A separable, dynamically local ontological model of quantum mechanics

TL;DR

This paper presents a novel ontological model of quantum mechanics that is both separable and dynamically local, addressing a key question about the compatibility of these properties within quantum theory.

Contribution

It introduces a new ontological model based on Deutsch and Hayden's work that satisfies both separability and dynamical locality, unlike previous models.

Findings

The model reproduces quantum predictions without violating dynamical locality.

It can be framed within ontological models where Bell's theorem applies.

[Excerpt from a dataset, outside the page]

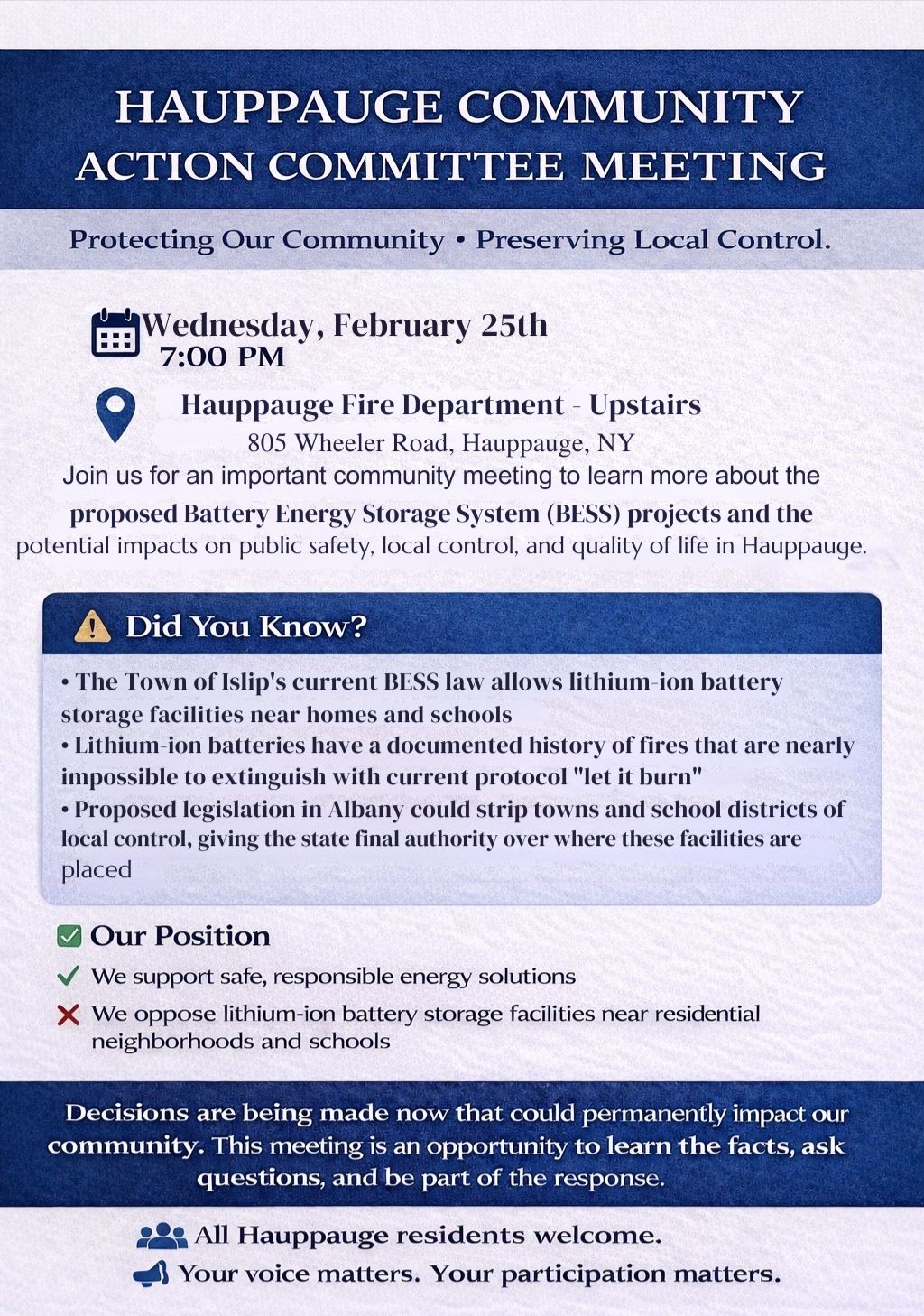 If these bills pass, Hauppauge will lose the ability to say NO to massive industrial battery facilities — including the proposed lithium-ion BESS near our schools, homes, and fire districts.

The model violates local causality but maintains separability and dynamical locality.

Abstract

A model of reality is called separable if the state of a composite system is equal to the union of the states of its parts, located in different regions of space. Spekkens has argued that it is trivial to reproduce the predictions of quantum mechanics using a separable ontological model, provided one allows for arbitrary violations of `dynamical locality'. However, since dynamical locality is strictly weaker than local causality, this leaves open the question of whether an ontological model for quantum mechanics can be both separable and dynamically local. We answer this question in the affirmative, using an ontological model based on previous work by Deutsch and Hayden. Although the original formulation of the model avoids Bell's theorem by denying that measurements result in single, definite outcomes, we show that the model can alternatively be cast in the framework of ontological models, where Bell's theorem does apply. We find that the resulting model violates local causality, but satisfies both separability and dynamical locality, making it a candidate for the `most local' ontological model of quantum mechanics.